WHAT YOU ARE ASKED TO DO:
Copy exactly the lines of the data below, beginning with the line with "lower back pain." and ending with the line with "need to set.". Pictures are to be omitted.

RECORDS SHOWN:

+++

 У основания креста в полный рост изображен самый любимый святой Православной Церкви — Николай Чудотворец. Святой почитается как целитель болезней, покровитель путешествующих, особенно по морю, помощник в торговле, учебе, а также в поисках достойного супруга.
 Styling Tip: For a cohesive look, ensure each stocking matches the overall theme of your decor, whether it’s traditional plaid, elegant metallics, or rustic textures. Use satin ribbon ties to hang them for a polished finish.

+++

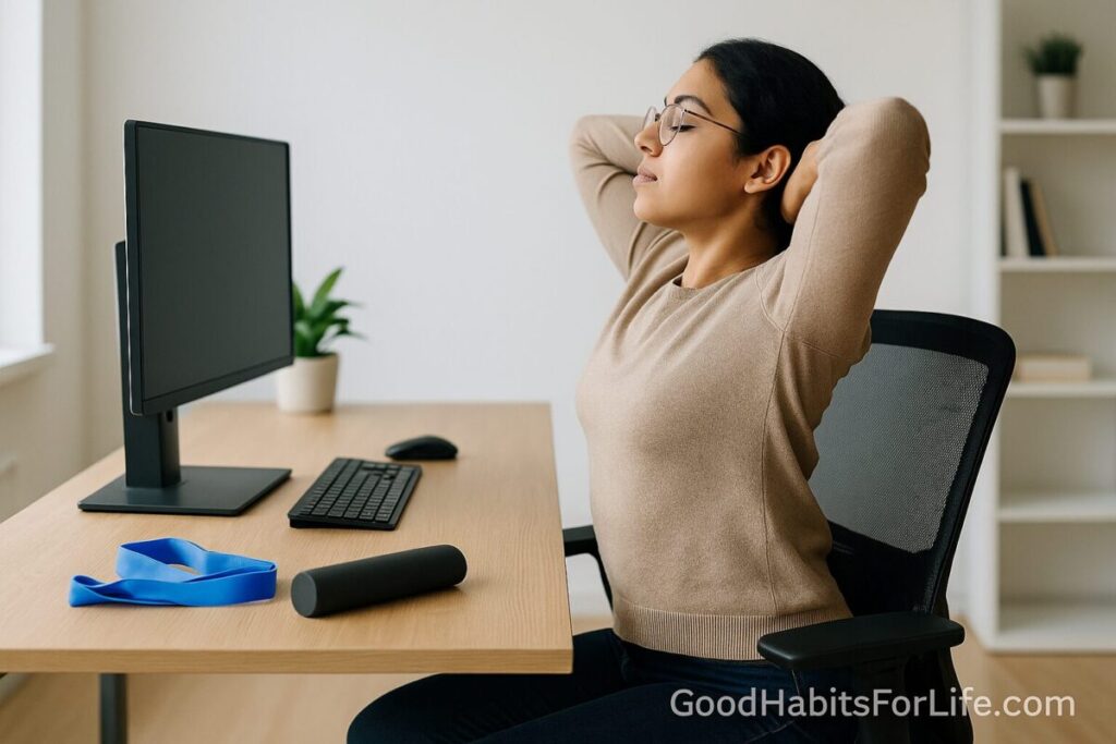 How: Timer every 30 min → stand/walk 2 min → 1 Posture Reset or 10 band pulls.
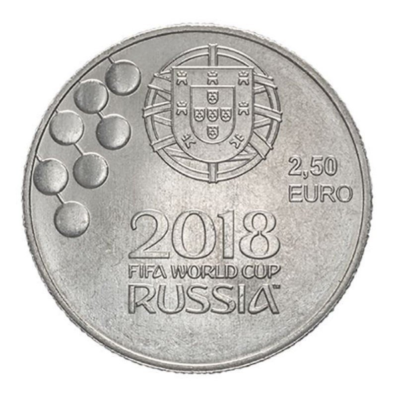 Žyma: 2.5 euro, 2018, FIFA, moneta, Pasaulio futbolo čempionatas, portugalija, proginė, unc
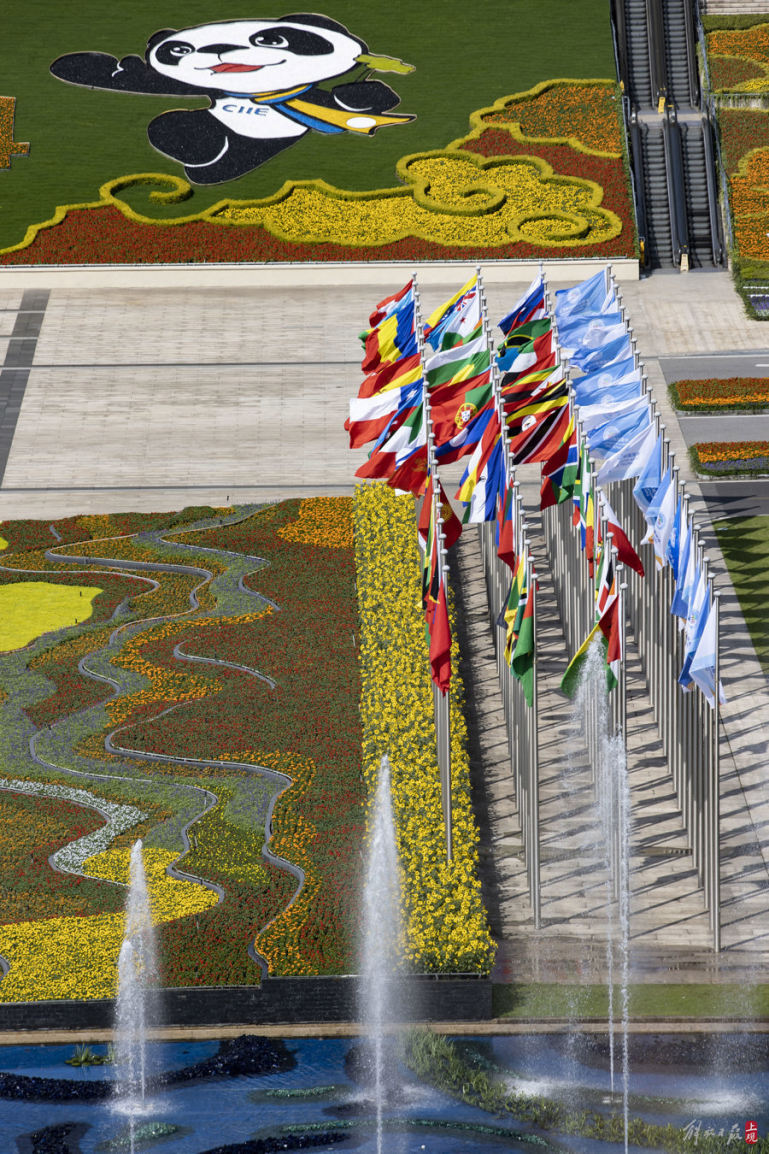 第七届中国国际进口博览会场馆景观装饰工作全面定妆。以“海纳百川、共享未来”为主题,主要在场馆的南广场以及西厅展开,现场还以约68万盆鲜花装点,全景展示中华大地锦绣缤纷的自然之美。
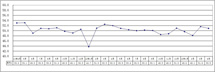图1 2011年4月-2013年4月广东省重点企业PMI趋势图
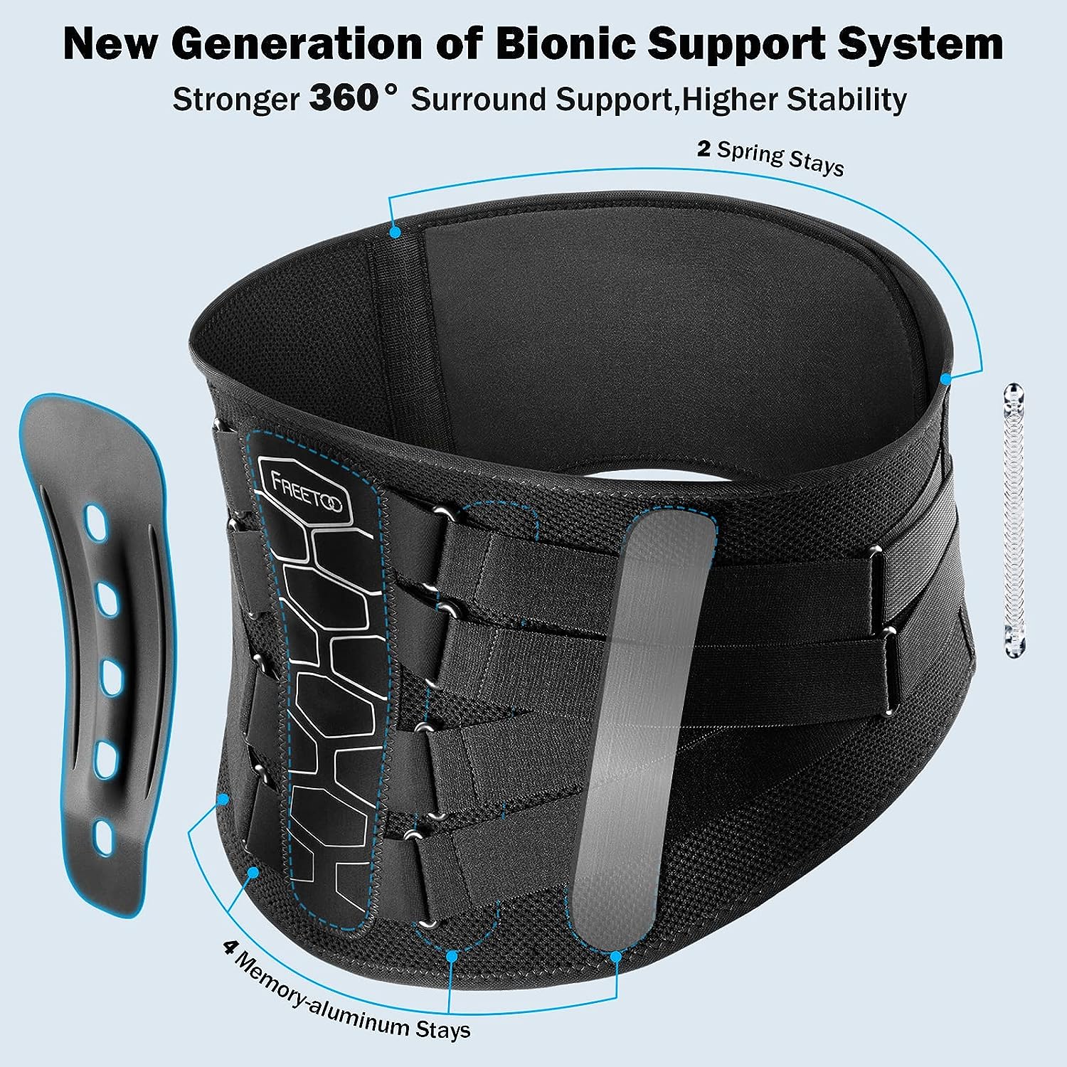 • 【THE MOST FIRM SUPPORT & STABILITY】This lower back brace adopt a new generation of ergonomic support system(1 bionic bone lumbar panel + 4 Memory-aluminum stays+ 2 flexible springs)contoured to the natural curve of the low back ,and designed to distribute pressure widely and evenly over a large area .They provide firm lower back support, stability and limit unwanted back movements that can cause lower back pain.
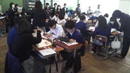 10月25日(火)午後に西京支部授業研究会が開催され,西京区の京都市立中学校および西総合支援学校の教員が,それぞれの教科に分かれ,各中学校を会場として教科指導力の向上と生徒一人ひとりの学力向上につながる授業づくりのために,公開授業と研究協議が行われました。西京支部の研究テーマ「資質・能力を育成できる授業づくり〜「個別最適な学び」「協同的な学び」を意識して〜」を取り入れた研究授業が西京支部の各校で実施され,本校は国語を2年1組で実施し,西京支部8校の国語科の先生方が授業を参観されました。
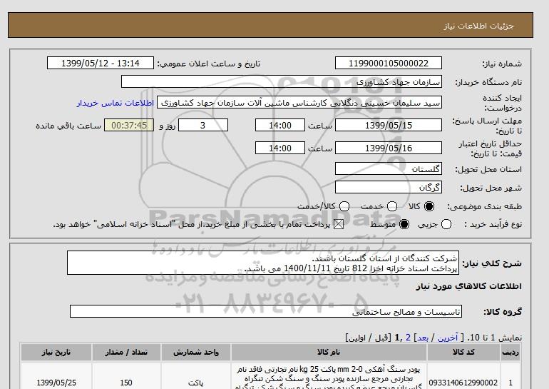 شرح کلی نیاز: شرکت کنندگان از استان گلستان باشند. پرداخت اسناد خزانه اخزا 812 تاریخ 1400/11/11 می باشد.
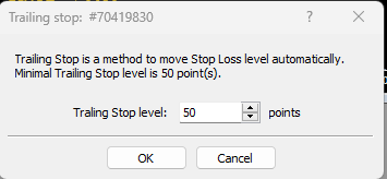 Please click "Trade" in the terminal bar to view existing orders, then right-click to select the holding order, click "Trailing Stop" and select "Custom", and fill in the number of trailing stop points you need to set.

+++

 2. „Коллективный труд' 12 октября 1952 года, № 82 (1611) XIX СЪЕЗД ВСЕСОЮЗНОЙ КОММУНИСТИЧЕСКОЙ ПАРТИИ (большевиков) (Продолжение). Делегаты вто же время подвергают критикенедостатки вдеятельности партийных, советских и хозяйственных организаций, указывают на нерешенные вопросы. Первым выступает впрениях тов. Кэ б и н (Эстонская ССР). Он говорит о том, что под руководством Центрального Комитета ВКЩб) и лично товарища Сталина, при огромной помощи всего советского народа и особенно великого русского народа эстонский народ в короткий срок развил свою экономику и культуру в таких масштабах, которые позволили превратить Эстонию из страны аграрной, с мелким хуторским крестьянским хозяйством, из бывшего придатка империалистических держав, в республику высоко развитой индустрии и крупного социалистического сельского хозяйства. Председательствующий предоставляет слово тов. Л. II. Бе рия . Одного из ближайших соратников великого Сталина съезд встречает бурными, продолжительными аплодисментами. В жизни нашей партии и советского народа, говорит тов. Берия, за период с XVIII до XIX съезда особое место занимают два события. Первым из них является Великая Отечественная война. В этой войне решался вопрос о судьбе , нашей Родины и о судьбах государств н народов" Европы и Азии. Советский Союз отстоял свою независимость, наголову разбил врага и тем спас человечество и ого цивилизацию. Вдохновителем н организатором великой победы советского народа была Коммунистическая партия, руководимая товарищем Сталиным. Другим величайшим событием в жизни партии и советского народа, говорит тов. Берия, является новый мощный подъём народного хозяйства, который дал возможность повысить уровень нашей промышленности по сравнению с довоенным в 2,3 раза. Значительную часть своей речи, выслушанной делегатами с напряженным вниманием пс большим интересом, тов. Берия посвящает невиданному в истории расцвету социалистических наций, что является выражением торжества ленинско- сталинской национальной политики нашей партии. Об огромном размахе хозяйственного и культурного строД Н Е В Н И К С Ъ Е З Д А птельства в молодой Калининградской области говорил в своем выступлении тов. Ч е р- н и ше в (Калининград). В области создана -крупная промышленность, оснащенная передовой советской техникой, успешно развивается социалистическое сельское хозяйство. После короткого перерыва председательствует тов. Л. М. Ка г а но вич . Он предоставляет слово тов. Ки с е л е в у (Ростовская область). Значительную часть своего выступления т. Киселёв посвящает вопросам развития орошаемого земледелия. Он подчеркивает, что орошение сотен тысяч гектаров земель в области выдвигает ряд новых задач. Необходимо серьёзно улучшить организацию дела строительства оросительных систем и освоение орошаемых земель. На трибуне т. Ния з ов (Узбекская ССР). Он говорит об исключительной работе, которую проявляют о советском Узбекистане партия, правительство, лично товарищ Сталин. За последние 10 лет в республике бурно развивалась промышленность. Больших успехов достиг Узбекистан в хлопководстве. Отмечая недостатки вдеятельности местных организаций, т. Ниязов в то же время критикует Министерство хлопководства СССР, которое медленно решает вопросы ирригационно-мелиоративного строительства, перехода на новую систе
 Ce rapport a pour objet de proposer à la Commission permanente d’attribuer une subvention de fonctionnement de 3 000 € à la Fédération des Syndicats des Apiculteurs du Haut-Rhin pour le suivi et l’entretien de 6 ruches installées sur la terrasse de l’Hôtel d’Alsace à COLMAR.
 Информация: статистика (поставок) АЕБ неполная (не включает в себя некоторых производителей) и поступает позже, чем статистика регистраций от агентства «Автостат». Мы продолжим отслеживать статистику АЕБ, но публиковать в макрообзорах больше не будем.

+++

PROBLEM SOLUTION:
 • 【THE MOST FIRM SUPPORT & STABILITY】This lower back brace adopt a new generation of ergonomic support system(1 bionic bone lumbar panel + 4 Memory-aluminum stays+ 2 flexible springs)contoured to the natural curve of the low back ,and designed to distribute pressure widely and evenly over a large area .They provide firm lower back support, stability and limit unwanted back movements that can cause lower back pain.
 10月25日(火)午後に西京支部授業研究会が開催され,西京区の京都市立中学校および西総合支援学校の教員が,それぞれの教科に分かれ,各中学校を会場として教科指導力の向上と生徒一人ひとりの学力向上につながる授業づくりのために,公開授業と研究協議が行われました。西京支部の研究テーマ「資質・能力を育成できる授業づくり〜「個別最適な学び」「協同的な学び」を意識して〜」を取り入れた研究授業が西京支部の各校で実施され,本校は国語を2年1組で実施し,西京支部8校の国語科の先生方が授業を参観されました。
 شرح کلی نیاز: شرکت کنندگان از استان گلستان باشند. پرداخت اسناد خزانه اخزا 812 تاریخ 1400/11/11 می باشد.
 Please click "Trade" in the terminal bar to view existing orders, then right-click to select the holding order, click "Trailing Stop" and select "Custom", and fill in the number of trailing stop points you need to set.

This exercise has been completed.